MATERIALS PROVIDED |

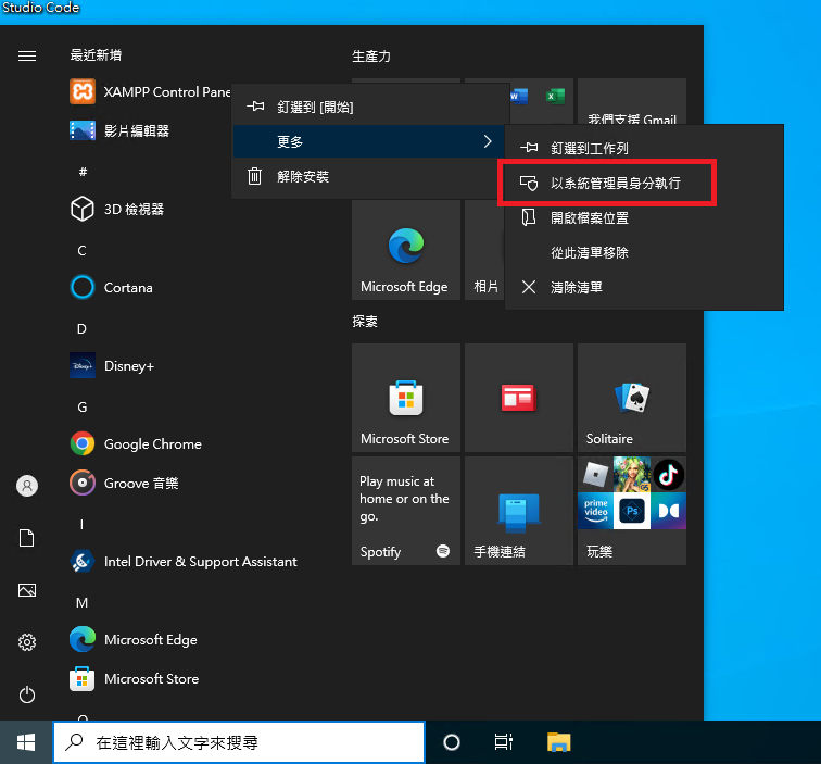 如果直接用左鍵點開XAMPP系統只會以一般使用者的身分打開XAMPP,這樣會無法設定自動啟動,所以我們要用管理員的身分打開XAMMPP才能設定開機自動啟用。
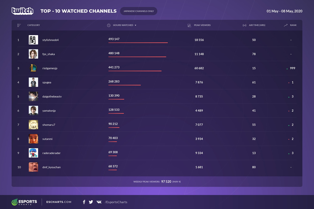 eスポーツ配信のデータ分析を行う「Esports Charts」の日本・韓国向けサービスが発表
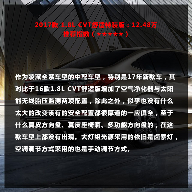 同样是17年新上市的特装版,跟舒适型一样,增加了配置但是价格没变。也算是非常厚道了,豪华版车型在凌派来说只能算是中配车型,但是较舒适型车来说,多了很多实用的配置,可以说多花这1万块钱换来的配置以及能享受更好的驾乘感受还是非常不错的。
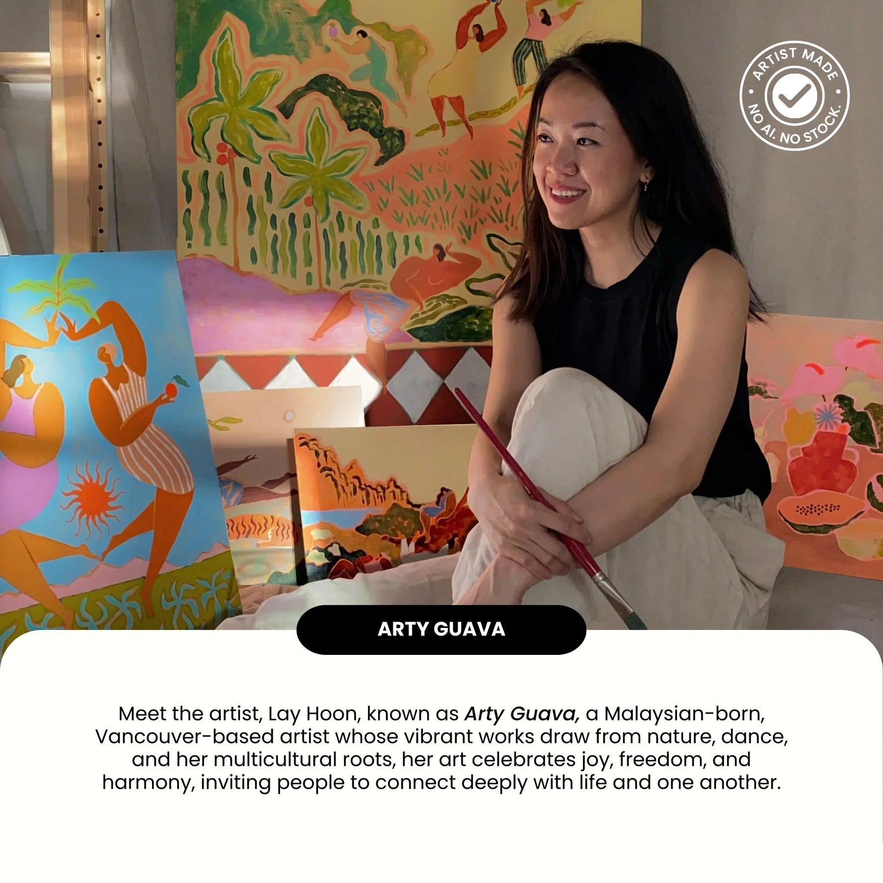 Designed by Arty Guava, a Vancouver-based illustrator whose bold, playful style draws from life’s quiet moments. Crafted in premium metal with enamel finish, this decor panel transforms fleeting motion into lasting story, collectible for your wall, unforgettable as a gift.
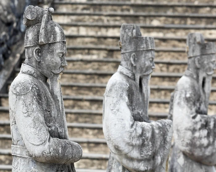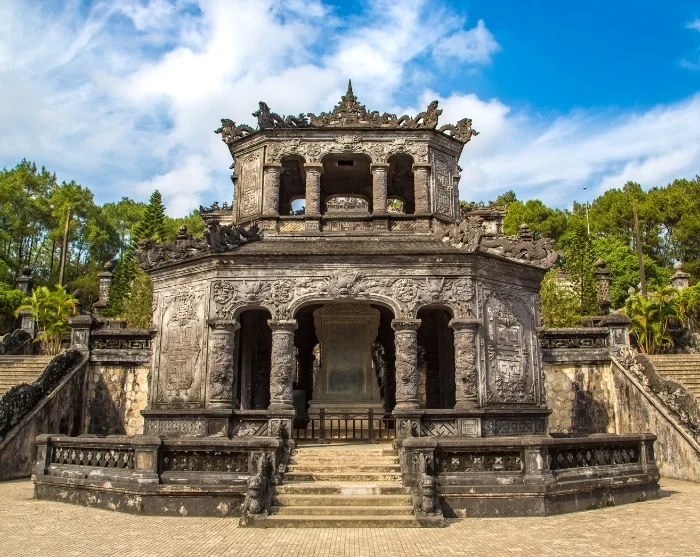 Deretter går turen videre til keiser Khai Dinhs grav, som skiller seg markant fra de andre keisergravene i området. Gravkomplekset ble oppført tidlig på 1900-tallet, og forener tradisjonelle vietnamesiske elementer med europeisk barokk og gotikk. Resultatet er en både storslått og detaljrik arkitektonisk opplevelse, en hyllest til den avdøde keiseren som også vitner om hans fascinasjon for vestlig kunst og kultur.
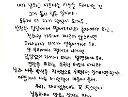 전체 글 (2771) 썸네일형 리스트형 [아무리 어려도] - 은희경, 소년을 위로해줘 . 아무리 어려도 자기 자신에 대해서라면 할말이 있는게 인간이다. 갓난아기들이 우는 것도 자기 이야기를 하고는 싶은데 말을 하지 못해서이다. . 또 아무리 별볼일 없는 사람에게도 주관과 취향이란 건 있다. 하고 싶은 것과 하기 싫은 것, 참을 수 있는 것과 참을 수 없는 것, 소중한 것과 하찮은 것, 그리고 그 모든 이야기를 타인에게 들려주고 싶은 욕망 말이다. . ⓒ 은희경, 소년을 위로해줘. . 오늘도 남들에게 들려주고 싶은 자기 만의 생각과 이야기를 만들어 갑니다. . [도움받아야 할때에] - 은희경, 소년을 위로해줘 . 도움받아야 할 때에 도움 못 받는 거. 그런 걸 고립이라고 하는거야. 고독은 늘 있는 거고 또 자기 문제지만 고립은 달라. 절망하고 상관있단 말야. 생각해봐. 내가 너한테 도움을 줄 수 없어서 일이 크게 잘못됐다. 너, 그거 나한테 아주 나쁜 짓 하는 거야. 안그래? . ⓒ 은희경, 소년을 위로해줘. P250 . 도움을 받을 수 있다면 꼭 도와달라고 해야 합니다. 그러지 못한다 하더라도 도움을 억지로 막지 마세요. . [하고 싶은 것만 하며 산다는 건] - 은희경, 소년을 위로해줘 . 하고 싶은 것만 해도 되긴 하지. 근데 그게 훨씬 더 어려울걸. 내가 남하고 다르다는 사실을 드러내는 것. 그거 몹시 힘든 일이야. 모든게 다 자기 책임이 되거든. . 안전한 집단에서 떨어져나와 혼자여야 하고, 정해진 가치에 따르지 않으려면 하나하나 자기가 만들어가야 해. 또 무리에서 떨어져 나가면 끊임없이 자기에 대해 설명해야 해. 경쟁을 피하는 소극적 태도가 아니라 남과 다른 방식을 적극적으로 선택하는 일이라면 말야. . 어쨌거나 나는 네 선택이 마음에 들어. 우리, 재미없는데도 꾹 참으면서 남들한테 맞춰 살지는 말자. . ⓒ 은희경, 소년을 위로해줘. . 남들 눈치 안보고 하고 싶은데로 하는것. 참 쉽지 않습니다. 그래도 그게 행복이라면 꼭 그렇게 해야겠죠? 내가 하고 싶은게 뭔지 곰곰히 생각.. 억지로 만들어진 불씨는... 억지로 만들어진 불씨는 국민의 힘에 의해서 자연스럽게 꺼질 것이다. 压迫的火焰 会在人民的力量下自燃熄灭。 정치를 외면한 댓가는 가장 저질스러운 자들에게 지배당한다는 것이다. - 플라톤 拒绝参与通知的人, 会被更糟糕的人统治。 - 柏拉图 . 홍콩, 힘내. . [잊으려고 애써왔던, 잊고 살아왔던] - 존박, 이상한 사람. . 잊으려고 애써왔던 것들 잊고 살아왔던 말들 소용없다 믿던 것들 너무 많은데 그댄 그런 모든 걸 한가득 안고서 나를 보며 웃고 있어 . 그댄 나를 또 한 번 설레게 만드는 이상한 사람 . 내가 알던 세상은 모든 게 어려웠는데 몰랐었던 모든 곳이 아름다웠다 그댄 그런 모든 걸 한가득 안고서 나를 보며 웃고 있어요 그댄 나를 또 한 번 설레게 만드는 이상한 사람 . 우리 둘은 얼마나 오래 같이 걷게 될까 이런 것이 궁금해지면 사랑인걸까 . 그댄 나를 또 한 번 긴 꿈을 꾸게 해 . ⓒ 존박, 이상한 사람. . 티비에서 잠깐 나온 노래인데, 너무 좋아서 찾아보니 동백꽃 필무렵 OST 네요. 가사가 정말 좋아서 적어봤습니다. 이상한 사람, 만나고 계신가요? . https://youtu.be/LqzCQVKMbKo 무료 아이콘 사이트 - 아이콘몬스터, 플랫아이콘 제가 그동안 아이콘이 필요할때마다 직접 만들어서 작업했더니 역시나, 퀄리티가 확 떨어지는데요. 그래서 무료 아이콘 사이트를 찾아봤습니다. 저는 아이콘파인더보다 두 곳이 맘에 들더군요. 아이콘 몬스터 : http://iconmonstr.com 아이콘몬스터, 아주 깔끔하네요. 아래 플랫아이콘 사이트는 좀더 다양하고 조금 화려합니다. 플랫아이콘 : http://flaticon.com 두 곳 모두 상업용으로도 무료로 사용 가능합니다. 참고로, 아이콘파인더는 Free 를 체크하셔야 무료 아이콘이 검색됩니다. 아이콘파인더 : http://iconfinder.com 금손들이 참 많네요 ~ 녹스에서 DX : 신세기의 전쟁 - 실행 안될때 설정 -> 고급설정에서 성능설정 : 상 (4Core / 3072MB 메모리) 그래픽 모드 : 호환+모드(Beta) 이렇게 바꾸고 해보세요. 저도 안되다가 저렇게 바꾸니 실행됩니다 ~ [텔레그램봇] 판교 씨즈타워 구내식당 메뉴/식단표 알림봇 - 현재 동작 안함. * 해당 봇은 현재 동작하지 않습니다. 텔레그램 검색 -> maraczbab_bot 앞에 maracz 만 쳐도 됩니다. 아래 그림처럼 봇이 검색되면 터치하셔서 채팅을 시작하세요. . 봇을 시작하면 도움말이 표시됩니다. 나중에 /help 로 다시 도움말을 볼 수 있습니다. 메뉴 알림 설정방법. 알림 추가, 수정하기. add 명령어 뒤에 점심, 저녁 구분을 적고 (2, 3) 시간을 적으면 됩니다. 시간은 11:30 으로 적어도 되고, 1130 으로 적어도 됩니다. /add 2 1130 이전 1 ··· 308 309 310 311 312 313 314 ··· 347 다음 * 쿠팡 파트너스 활동을 통해 일정액의 수수료를 제공받을 수 있습니다.
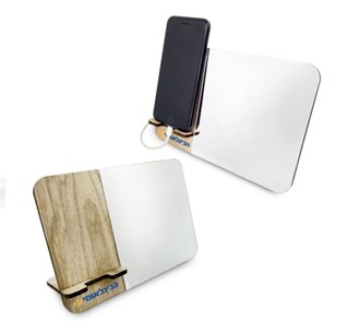 מעמד לנייד מעץ משולב מראה ייחודית, אידיאלי לשימוש בבית או במשרד. המעמד מגיע שטוח להרכבה עצמית בקלות. גודל המראה: 13X13.5 ס"מ גודל המוצר: 7X1
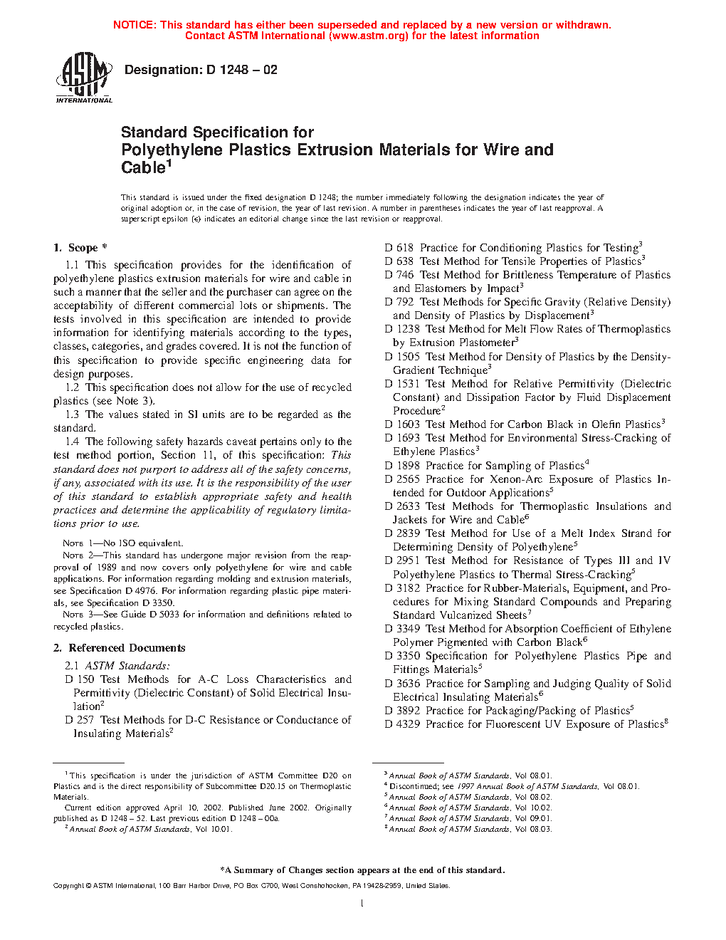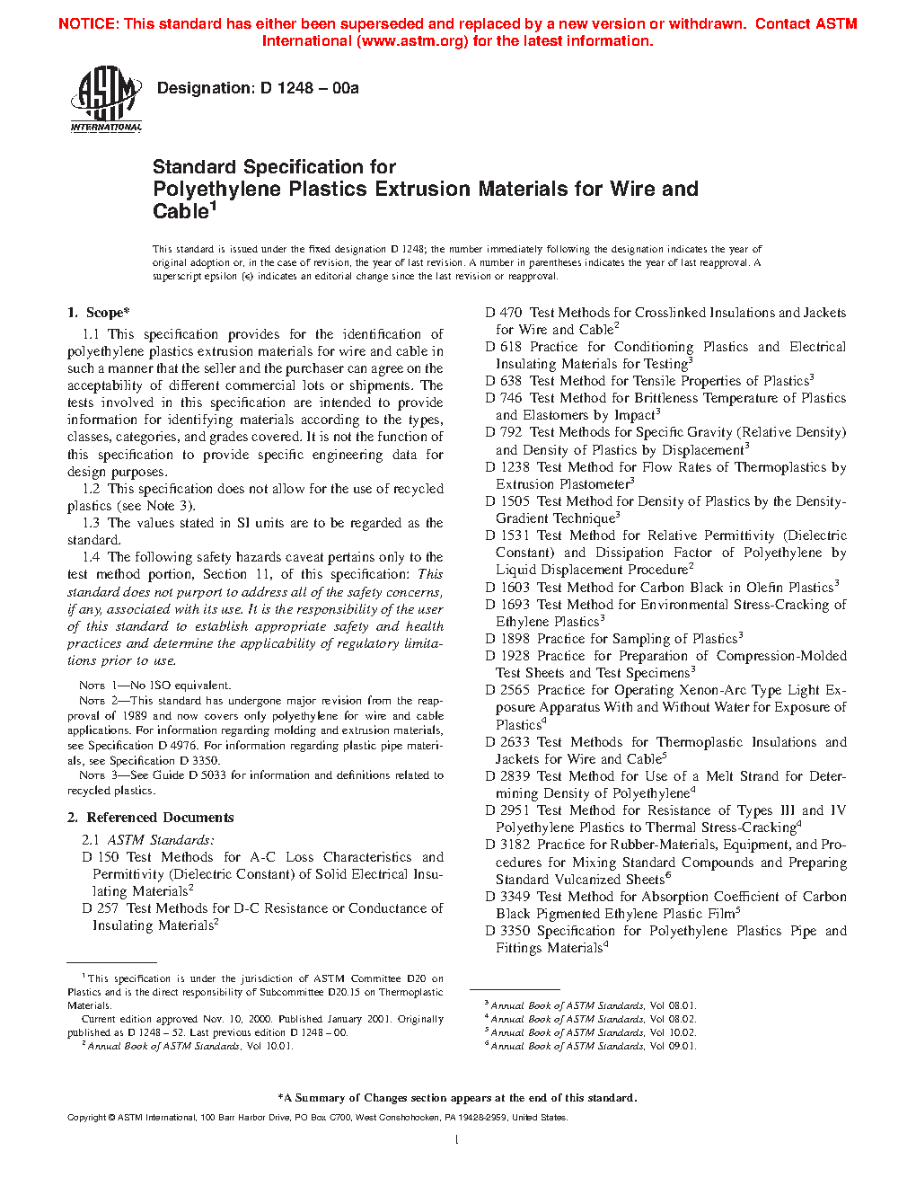 Note 2: This standard has undergone major revision from the reapproval of 1989 and now covers only polyethylene for wire and cable applications. For information regarding molding and extrusion materials, see Specification D4976. For information regarding plastic pipe materials, see Specification D3350.
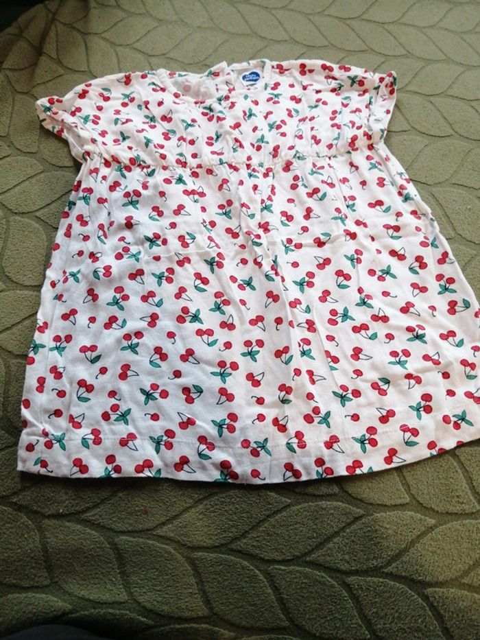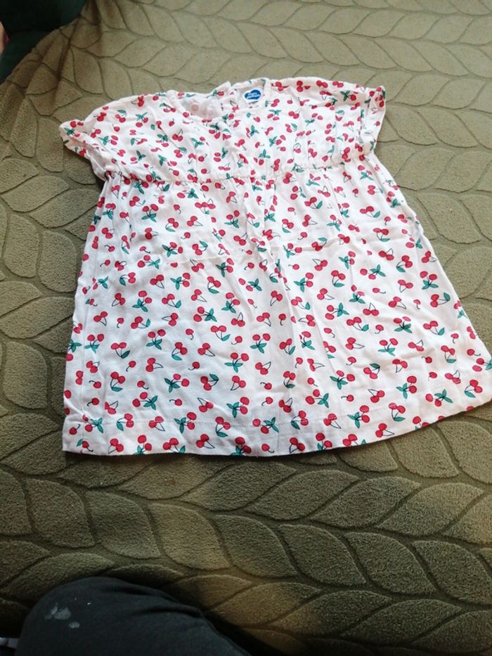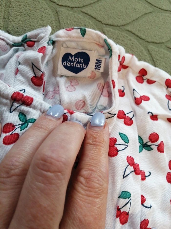 Jolie petite robe courte, Motif cerises, Mots d'enfants, Taille 18 mois Quelques peluches
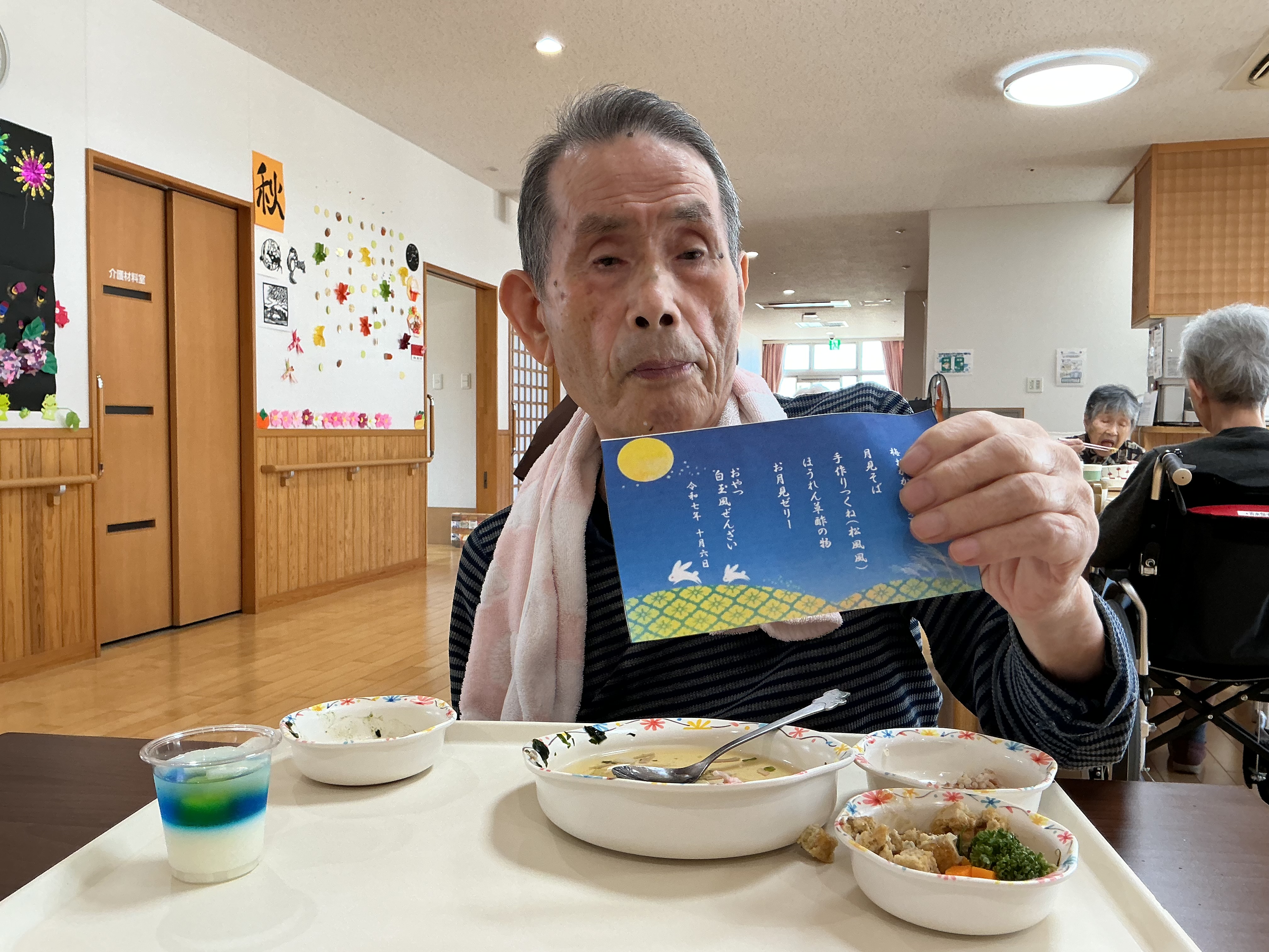 2025.10.06 ブログ お月見🌕 みなさまこんにちは😊 今日は、『中秋の名月』ですね。画図重富苑では、ご入居者様にお月見行事食をお召し上がりいただきました😄 お月見ゼリーのウサギがとても可愛くて好評でした🐰💗 ページ送り お知らせ・ブログ一覧 前の記事へ 次の記事へ

WHAT YOU NEED TO DO | Set down exactly the lines from the start of the records through the line containing "Designed by Arty", both included, and omit the pictures.

TASK ANSWER |
 如果直接用左鍵點開XAMPP系統只會以一般使用者的身分打開XAMPP,這樣會無法設定自動啟動,所以我們要用管理員的身分打開XAMMPP才能設定開機自動啟用。
 eスポーツ配信のデータ分析を行う「Esports Charts」の日本・韓国向けサービスが発表
 同样是17年新上市的特装版,跟舒适型一样,增加了配置但是价格没变。也算是非常厚道了,豪华版车型在凌派来说只能算是中配车型,但是较舒适型车来说,多了很多实用的配置,可以说多花这1万块钱换来的配置以及能享受更好的驾乘感受还是非常不错的。
 Designed by Arty Guava, a Vancouver-based illustrator whose bold, playful style draws from life’s quiet moments. Crafted in premium metal with enamel finish, this decor panel transforms fleeting motion into lasting story, collectible for your wall, unforgettable as a gift.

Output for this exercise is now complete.